New Arts-Themed Charter School Prepares To Open

The former Wellington Christian School campus will have a new name and a new mission this month when the Eagle Arts Academy Charter School opens at the site along Wellington Trace.

“It was my very first dream to have a school that marries education with the arts,” said Nykowanna “Nikki” Sloan, principal of Eagle Arts Academy. “I’ve always wanted one. I’ve always, as a teacher of theater, been interested in it… Because the arts have always been marginalized, and it gets smaller and smaller every year.”

When Eagle Arts administrators needed a principal, they called Sloan, who was working in the Orlando area.

“To have a school that’s actually going to bring arts to the forefront and marry it with education, was perfect,” Sloan said. “I got down here and just fell in love with it. The vision is just perfect.”

A theater teacher for 10 years at West Orange High School in Winter Garden, before overlapping into administration as a Students and Family Empowerment (SAFE) coordinator, Sloan was an administrative dean for three years before moving to Wekiva High School for her fourth year as an administrative dean. Then she became the school’s assistant principal for four years. After that, she moved to Maynard Evans High School as an assistant principal.

Sloan is in the process of moving her two middle-school-age children and husband from Orlando to this area. Running back and forth to the Orlando area until the move is complete isn’t easy, but, Sloan said, “it’s so worth it to have the job of your dreams.”

Helping to fulfill the dreams of others who adore the arts, Sloan is looking for a few more teachers. As of Tuesday, she had 37 teachers on board to teach the 828 students who were already enrolled, which is close to the projected enrollment of 948. With 48 classrooms, six at every grade level up to sixth grade, and several special classrooms, Sloan is excited to fill the school with laughing, smiling children and teachers.

“We’re still looking for some highly qualified candidates,” she said.
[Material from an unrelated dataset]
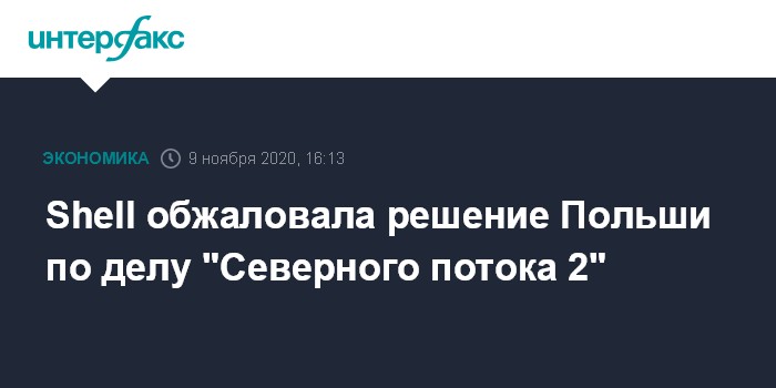 Москва. 9 ноября. INTERFAX.RU - Royal Dutch Shell обжаловала решение и штраф польского регулятора по делу Nord Stream 2, сообщили "Интерфаксу" в компании.

Sloan needs teachers who are certified in core subjects, and although not a requirement, a “wish list” skill is the ability to bring experience and passion for a specific art, which can be applied toward growing the school and its after-school program.

“We’re looking for people who are excited about being on the cutting edge of education, doing something innovative, doing something different, and not afraid to step outside of the box and let creativity do its thing in the classroom,” she said.

The classroom environment at Eagle Arts may not be what public school students and parents are familiar with seeing.

“We are taking each subject of the arts and infusing them into the core,” Sloan said. “In other words, if a student is working on reading and interpretation of a piece of literature, instead of just reading it, we have technology available for them to actually draft it up in a puppet form. Or we have an ability for them to actually act it out, or we have the ability for them to write a screen scene for that particular piece of literature, and to predict how they think it should end, or to change the ending.”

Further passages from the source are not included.